It is always fun when we get to talk to our colleagues about the details of our research. Usually we are asked to speak about one particular project or to help interpret one particular phenomenon. But every once in a while we get a chance to provide an overview or perspective piece on the general state of affairs of a particular overarching environmental challenge or the developments in our field. This last category of talks are the rarest, but in many ways the most fun. Dr. Anderson got just such an opportunity when he gave an invited colloquium to the Sonoma State Biology Department this week entitled It Can’t Happen Here…But Just Did: The Need for and Value of New Tools and Tech for Biological Conservation about the evolving suite of tools we use across our AARR efforts.
He gave his talk on September 18, 2018 as the impacts of Hurricane Florence in the Carolinas and remnants of our summer wildfires across northern California were still unfolding. This was just a few weeks shy of the one year anniversary of the onset of the series of devastating October 2017 firestorms which swept across much of the northern California wine county surrounding the Sonoma State campus. Dr. Anderson’s talk and abstract are below.
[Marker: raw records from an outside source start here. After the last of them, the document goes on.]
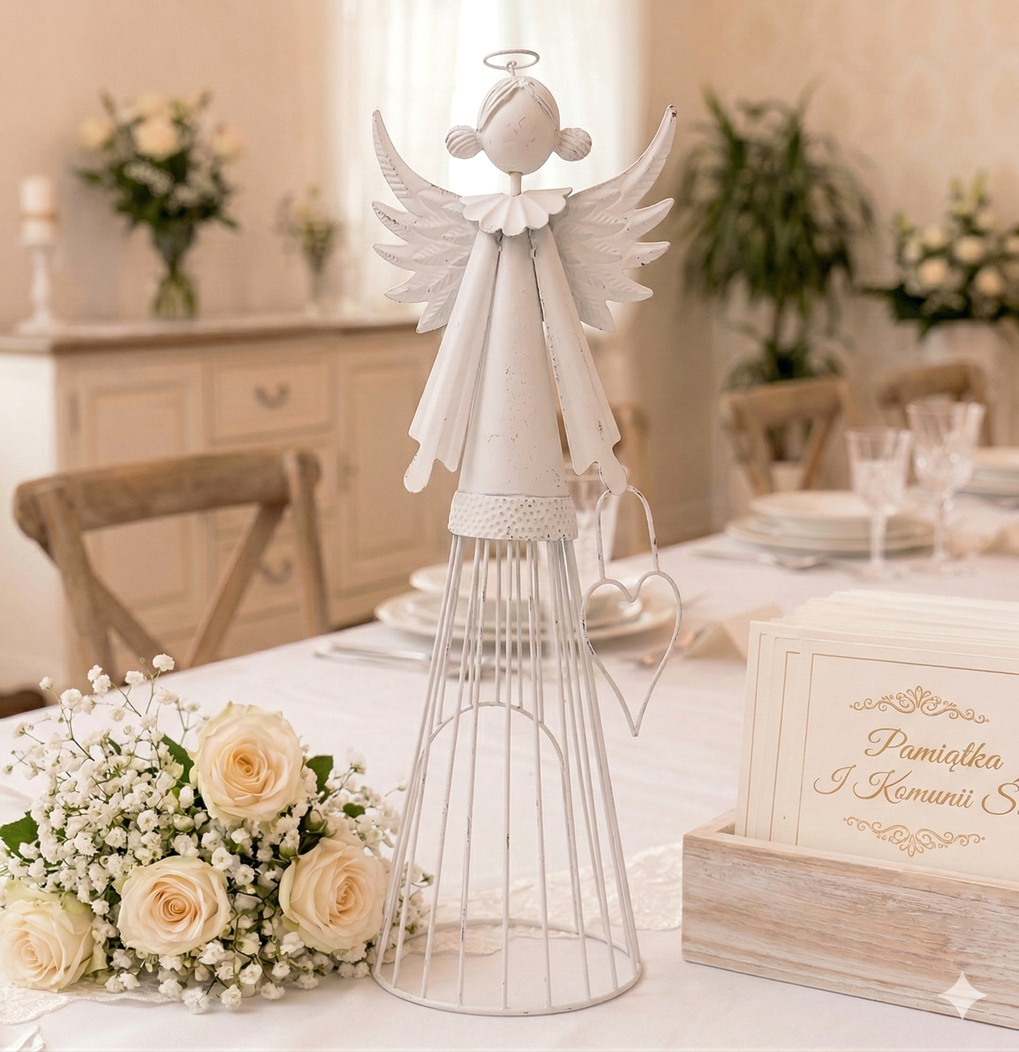 Stylowy biały metalowy anioł, który może pełnić funkcję świecznika na tealight, to idealna dekoracja świąteczna, która doda Twojemu wnętrzu ciepła i uroku. Dzięki swojej delikatnej, ażurowej konstrukcji anioł subtelnie rozprasza światło, tworząc przytulną atmosferę w każdym pomieszczeniu. Dekoracyjny akcent w postaci serca dodaje całości wyjątkowego charakteru. Jego prosty, ale elegancki design świetnie komponuje się z innymi świątecznymi ozdobami, a metalowa konstrukcja zapewnia trwałość i stabilność. Idealny na stół, kominek lub parapet.
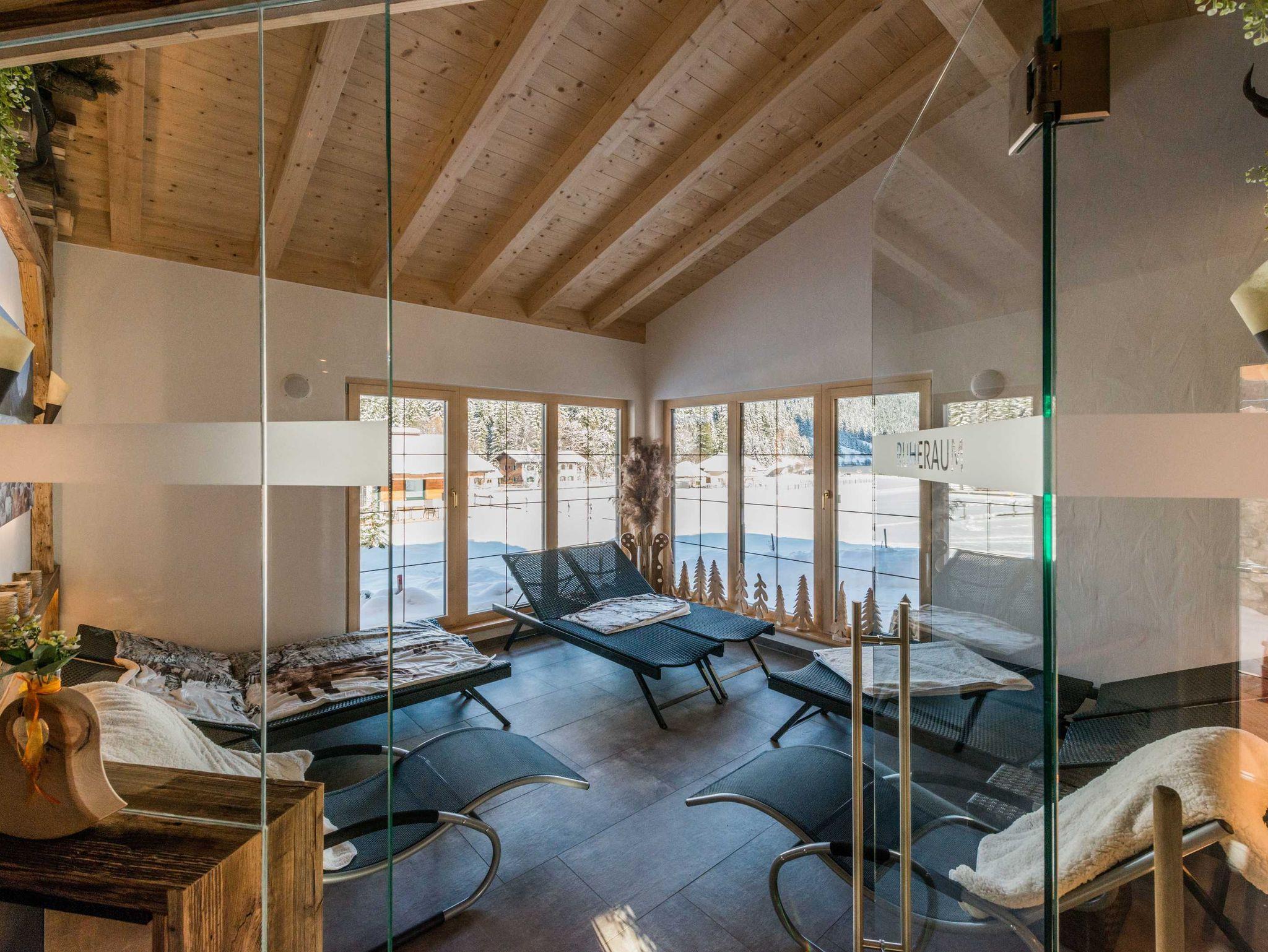 Hier findet man alles, was Körper, Geist und Seele nach einem langen Tag in den Tiroler Bergen erfreut: eine finnische Sauna aus Altholz für bis zu acht Personen, eine Infrarotkabine mit Farblichttherapie und Musik, eine Biosauna aus Zirbenholz mit Kräuteraufguss für bis zu sechs Personen, im Freibereich eine Sitzlounge sowie Sonnenliegen, Freidusche, einen Ruheraum mit Effektfeuer, gemütlichen Liegen und traumhaftem Ausblick auf den Haldensee und die umliegende Bergwelt.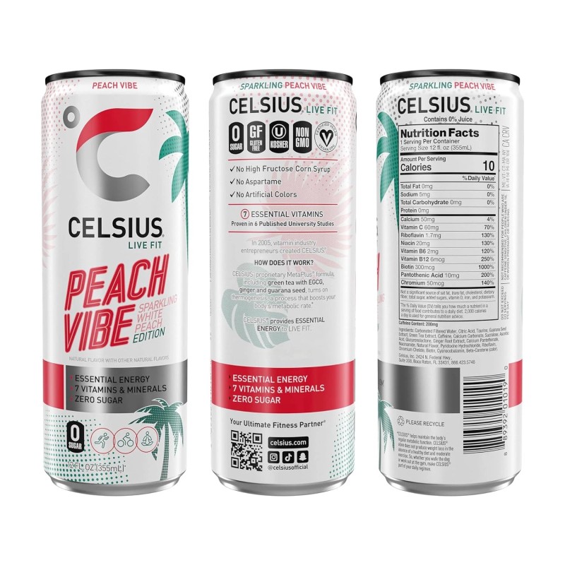 Elevate your refreshment game with Celsius Beverage Sparkling Peach Vibe, offering a bold and fruity experience with every sip. This energizing sparkling beverage combines invigorating ingredients to boost your performance while satisfying your taste buds. This pack of 12 is perfect for those seeking a vibrant and delicious pick-me-up.

It Can’t Happen Here…But Just Did
The Need for and Value of New Tools and Tech for Biological Conservation
Pirate Lab & Aerial and Aquatic Robotic Research Group
Environmental Science and Resource Management Program
Seminar Abstract
We are on the cusp of an amazing era of change for our society and planet; the opening millennium of the Anthropocene, the opening century of the sixth mass extinction event, and a broad-based erosion of the general trust in and support for social institutions and disciplinary experts. At the same time, we are in the midst of the fourth industrial revolution which has helped birth a new era of robotic instruments, individualized manufacturing, the open source movement, and crowd sourcing. My Pirate Lab and Aerial and Aquatic Robotic Research group at CSU Channel Islands have worked to harness some of these new technologies to help begin to respond to the daunting challenge of these cumulative threats to our biosphere. I will illustrate the potential value of these new tools via some of our work to measure, assess, and better manage coastal ecosystems. Examples will include monitoring remote South Pacific Atolls with drones and ROVs, developing rapid assessment tools implementable by the general public, remotely quantifying altered animal behavior, discovering archeological ruins in the wake of 2018’s Thomas Fire, crowd-sourcing animal mortality post-fire, open source air pollution monitoring, and opinion polling to better understand the perception of resource management. While not applicable to all conservation situations, this array of emerging tools should certainly be in the quiver of our next generation of conservation scientists.